The iterator is not included in this tutorial. Please consult the API documentation for more
info.
Shuffling¶
To shuffle, we need to pass a Sequence[Sample]
to ShuffleIterator
. We can easily
convert an Iterable[Sample]
to Sequence[Sample]
by converting it to a list
.
>>> samples = list(vocab.stoi(samples)) # now we have a sequence
>>> from random import Random
>>> from text2array import ShuffleIterator
>>> iterator = ShuffleIterator(samples, key=lambda s: len(s['ws']), rng=Random(1234))
>>> len(iterator)
3
>>> for s in iterator:
... print(s)
...
{'ws': [3], 'i': 30, 'label': 2}
{'ws': [2, 1, 3], 'i': 20, 'label': 1}
{'ws': [2, 1], 'i': 10, 'label': 1}
The iterator above shuffles the samples but also tries to keep samples with similar lengths
closer. This is useful for NLP where we want to shuffle but also minimize padding in each
batch. If a very short sample ends up in the same batch as a very long one, there would be
a lot of wasted entries for padding. Sorting noisily by length can help mitigate this issue.
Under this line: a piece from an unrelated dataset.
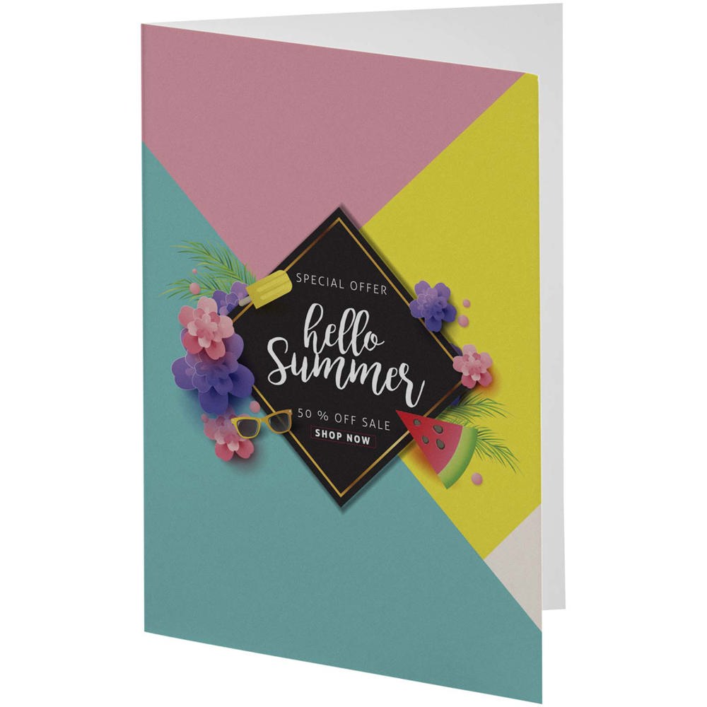 De Herald A6 wenskaart is gemaakt van hoogwaardig 320 g/m² karton en kan bedrukt worden met je eigen ontwerpen, zowel aan de buiten- als binnenkant. Verhoog de uitstraling van je ontwerpen met hotstampfolie en reliëfdruk, zodat je wenskaarten een extra dimensie krijgen. Wordt standaard geleverd met een witte envelop. Kaartformaat: 105 x 148 mm.

This approach is inspired by AllenNLP. Note that
(1) iterator
is an Iterable[Sample]
and (2) shuffling is done whenever iterator
is iterated over.
Batching¶
To do batching, pass an Iterable[Sample]
to BatchIterator
. Since ShuffleIterator
is an Iterable[Sample]
, it is thus possible passing it to perform shuffling and
batching sequentially on each iteration.
>>> from text2array import Batch, BatchIterator, ShuffleIterator
>>> iterator = ShuffleIterator(samples, key=lambda s: len(s['ws']))
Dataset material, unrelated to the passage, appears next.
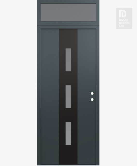 Modern Steel Front Door DIAMOND A7 36" X 96" ANTHRACITE/ANTHRACITE FROSTED GLASS PANEL BLACK RHI WITH TRANSOM FROSTED GLASS

>>> iterator = BatchIterator(iterator, batch_size=2)
>>> iterator = ShuffleIterator(iterator) # shuffle the batches
>>> len(iterator)
2
>>> for s in iterator:
... assert isinstance(s, Batch)
...
When iterated over, BatchIterator
produces Batch
objects, which will be explained next.
Batch¶
A Batch
is just a MutableSequence[Sample]
, but it has a to_array
method to convert
samples in that batch to an array. The nice thing is sequential fields are automatically
padded, no matter how deeply nested they are.
>>> samples = [
... {'ws': ['john', 'talks'], 'cs': [list('john'), list('talks')]},
... {'ws': ['john', 'loves', 'mary'], 'cs': [list('john'), list('loves'), list('mary')]},
... {'ws': ['mary'], 'cs': [list('mary')]}
... ]
>>> vocab = Vocab.from_samples(samples, options={'ws': dict(min_count=2), 'cs': dict(min_count=2)})
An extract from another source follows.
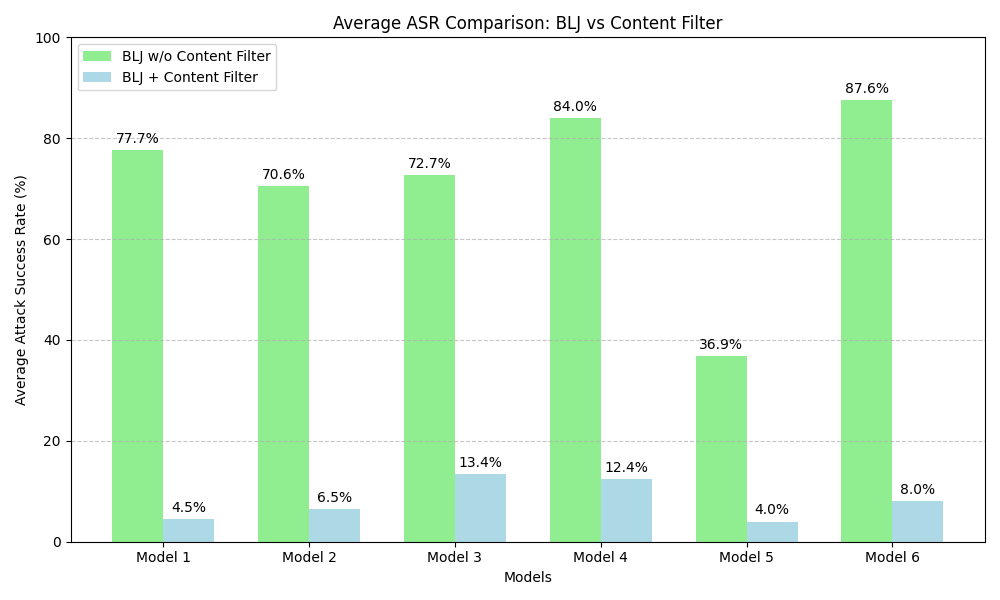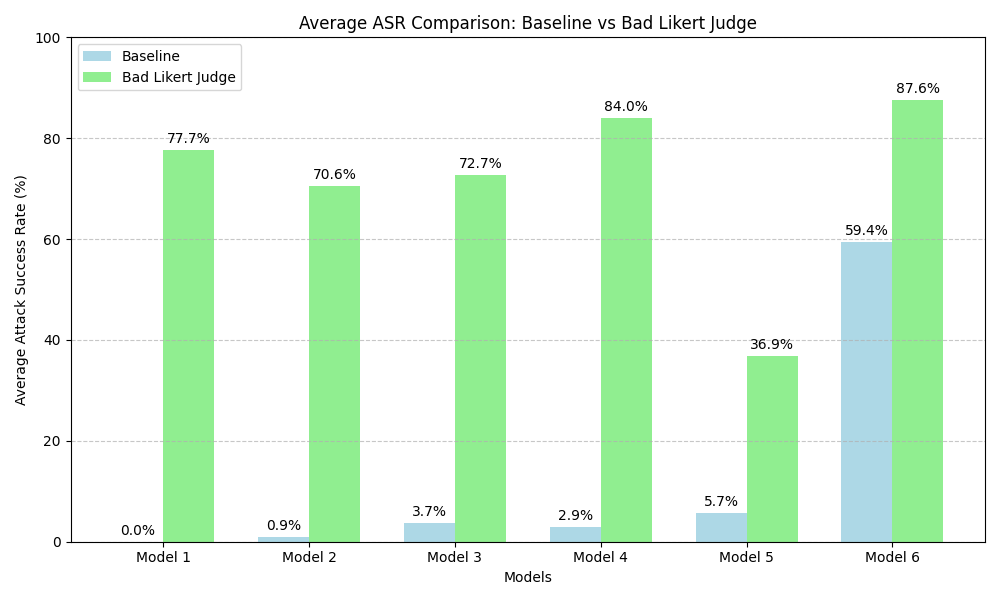 팔로 알토 네트웍스 연구팀은 위의 예시 프롬프트를 활용해서 Bad Likert Judge 방법으로 6개의 LLM 모델에 대한 Jailbreak을 시도했어요. 기존에 있던 Jailbreak 기술과 Bad Likert Judge 방법 중 어떤 기술의 공격 성공률(Attack Success Rate, ASR)이 높은지에 측정하는 실험을 진행했어요. Jailbreak Prompt는 Persona persuasion (arXiv), Role-playing "Do Anything Now (DAN)" (arXiv), Token smuggling (webpage) 등의 자료를 검토하여 수집했다고 해요.

>>> samples = list(vocab.stoi(samples))
>>> iterator = BatchIterator(samples, batch_size=2)
>>> it = iter(iterator)
>>> batch = next(it)
>>> arr = batch.to_array()
>>> arr['ws']
array([[2, 1, 0],
[2, 1, 3]])
>>> arr['cs']
array([[[ 4, 2, 5, 6, 0],
[ 1, 3, 7, 1, 8],
[ 0, 0, 0, 0, 0]],
[[ 4, 2, 5, 6, 0],
[ 7, 2, 1, 1, 8],
[ 9, 3, 10, 11, 0]]])
Note how Batch.to_array
returns a Mapping[FieldName, np.ndarray]
object, and
sequential fields are automatically padded.